AOL On
- Website type: Entertainment, Video & News
- Predecessor: AOL TV
- Successor: AOL Video
- Industry: Mass Media
- Parent: AOL
- Website: on.aol.com
- Launched: April 24, 2012
- Current status: Active

= AOL On =

Internet video service

AOL On was created as a successor to AOL TV. The launch was announced at the 2012 Digital Content NewFront. AOL On creates news and entertainment reports in the form of short video clips, as well as original web series. All videos are available on demand online or on the Apple TV, TiVo and Android TV.

==History==
AOL On was created in April 2012. Content includes current events, breaking news, entertainment, new tech and more. Video clips can be viewed on demand at on.aol.com.

On December 12, 2012, AOL announced they released an app for the TV Premier

On June 24, 2014, CNET announced that AOL had added AOL On to the Apple TV.

AOL On was added to the Android TV in October 6 of 2014

In late 2015, it was reported by The Wall Street Journal that AOL On's media partners were unhappy with the service's distribution model.

On October 4, 2018, MakeUseOf revealed that AOL On had a secret Roku channel, providing access to the streaming service of Roku-branded smart TV devices.

==AOL Originals==
Through AOL On, AOL offers multiple original series. The majority of the shows are documentaries. They also release news segments and videos.

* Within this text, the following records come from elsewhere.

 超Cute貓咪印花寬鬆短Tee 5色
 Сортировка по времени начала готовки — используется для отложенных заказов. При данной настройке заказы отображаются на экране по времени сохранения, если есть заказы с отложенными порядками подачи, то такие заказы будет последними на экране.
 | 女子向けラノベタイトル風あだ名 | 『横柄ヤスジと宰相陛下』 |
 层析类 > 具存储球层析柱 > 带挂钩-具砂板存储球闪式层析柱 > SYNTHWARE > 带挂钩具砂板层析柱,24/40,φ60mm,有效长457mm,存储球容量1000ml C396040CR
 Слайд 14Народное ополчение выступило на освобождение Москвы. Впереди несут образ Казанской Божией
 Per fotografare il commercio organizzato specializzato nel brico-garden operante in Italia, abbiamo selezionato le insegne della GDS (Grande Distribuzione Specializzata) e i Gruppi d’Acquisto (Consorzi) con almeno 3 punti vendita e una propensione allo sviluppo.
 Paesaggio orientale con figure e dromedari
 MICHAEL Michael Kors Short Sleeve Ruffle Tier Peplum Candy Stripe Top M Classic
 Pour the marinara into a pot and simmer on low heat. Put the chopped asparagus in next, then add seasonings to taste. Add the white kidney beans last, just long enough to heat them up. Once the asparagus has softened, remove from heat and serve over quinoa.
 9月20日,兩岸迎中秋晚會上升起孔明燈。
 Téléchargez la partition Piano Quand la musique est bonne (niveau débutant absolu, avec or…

- City Ballet: Documentary on the lives of New York City Ballet dancers.
  1. candidlynicole: A "dirty" sitcom.
- Anthony Eats America: Anthony visits different restaurants and foods from all across America.
- Inspiration Point: A show on create neat arts and crafts.
- Second Chances: A show highlighting women who have gone through dire troubles overcame them.
- Hardwired: The latest tech news & gadgets.
- Flat Out: A high-end documentary about the daily life and struggles of Dylan Kwasniewski as he aspires to be a top NASCAR racer.
- Connected
- True Trans With Laura Jane Grace: A documentary on the lives of Isley Reust and various other people across America who identify as transgender.
- The Future Starts Here: A human interest series focusing on the influences technology holds over human behavior.